• **The problem**
The reply must contain exactly the lines below from the one with "Michael Jordan Autographed" down to the one with "A spacious industrial", both included, and nothing more; please omit the pictures.

• **Record excerpts**
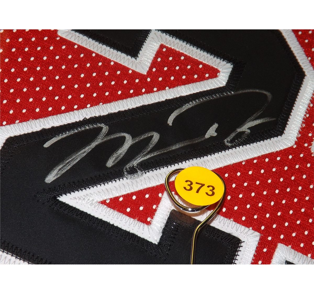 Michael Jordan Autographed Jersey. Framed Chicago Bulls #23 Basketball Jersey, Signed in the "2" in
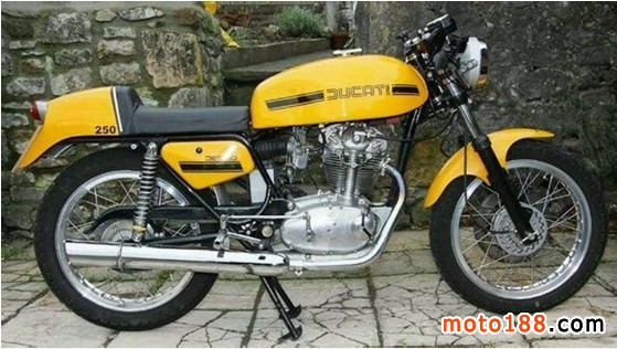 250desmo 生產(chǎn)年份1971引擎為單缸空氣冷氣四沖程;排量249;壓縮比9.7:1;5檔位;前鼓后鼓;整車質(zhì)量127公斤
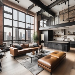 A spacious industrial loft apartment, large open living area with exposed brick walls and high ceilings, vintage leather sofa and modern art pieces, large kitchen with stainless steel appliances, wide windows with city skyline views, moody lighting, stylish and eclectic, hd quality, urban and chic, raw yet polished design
...
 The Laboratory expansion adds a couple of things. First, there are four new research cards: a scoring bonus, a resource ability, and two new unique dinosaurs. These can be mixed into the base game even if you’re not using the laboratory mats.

• **Solution for this problem**
 Michael Jordan Autographed Jersey. Framed Chicago Bulls #23 Basketball Jersey, Signed in the "2" in
 250desmo 生產(chǎn)年份1971引擎為單缸空氣冷氣四沖程;排量249;壓縮比9.7:1;5檔位;前鼓后鼓;整車質(zhì)量127公斤
 A spacious industrial loft apartment, large open living area with exposed brick walls and high ceilings, vintage leather sofa and modern art pieces, large kitchen with stainless steel appliances, wide windows with city skyline views, moody lighting, stylish and eclectic, hd quality, urban and chic, raw yet polished design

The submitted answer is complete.